When a low-energy electron annihilates a low-energy positron (antielectron) the most probable result is the creation of two or more photons, since the only other final-state Standard Model particles that electrons and positrons carry enough mass–energy to produce are neutrinos, which are approximately 10,000 times less likely to produce, and the creation of only one photon is impossible by momentum conservation—a single photon would carry nonzero momentum in any frame, including the center-of-momentum frame where the total momentum vanishes. Both the annihilating electron and positron particles have a rest energy of about 0.511 million electron-volts (MeV). If their kinetic energies are relatively negligible, this total rest energy appears as the photon energy of the photons produced. Each of the photons then has an energy of about 0.511 MeV. Momentum and energy are both conserved, with 1.012 MeV of photon energy (accounting for the rest energy of the particles) moving in opposite directions (accounting for the total zero momentum of the system).

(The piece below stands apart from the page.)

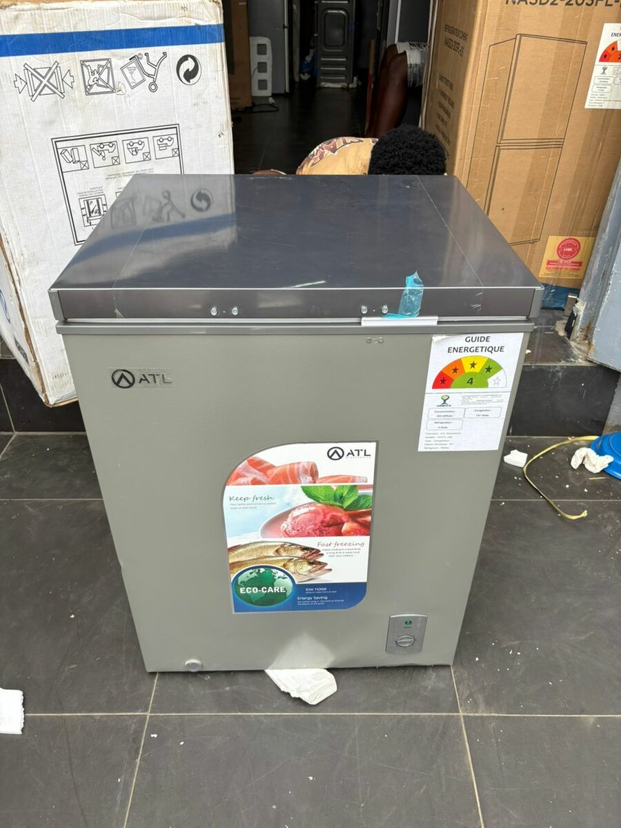 Congélateur ATL gris, idéal pour stocker vos aliments. Économe en énergie et performant, il est parfait pour les besoins de conservation au quotidien.

If one or both charged particles carry a larger amount of kinetic energy, various other particles can be produced. Furthermore, the annihilation (or decay) of an electron–positron pair into a single photon can occur in the presence of a third charged particle, to which the excess momentum can be transferred by a virtual photon from the electron or positron. The inverse process, pair production by a single real photon, is also possible in the electromagnetic field of a third particle.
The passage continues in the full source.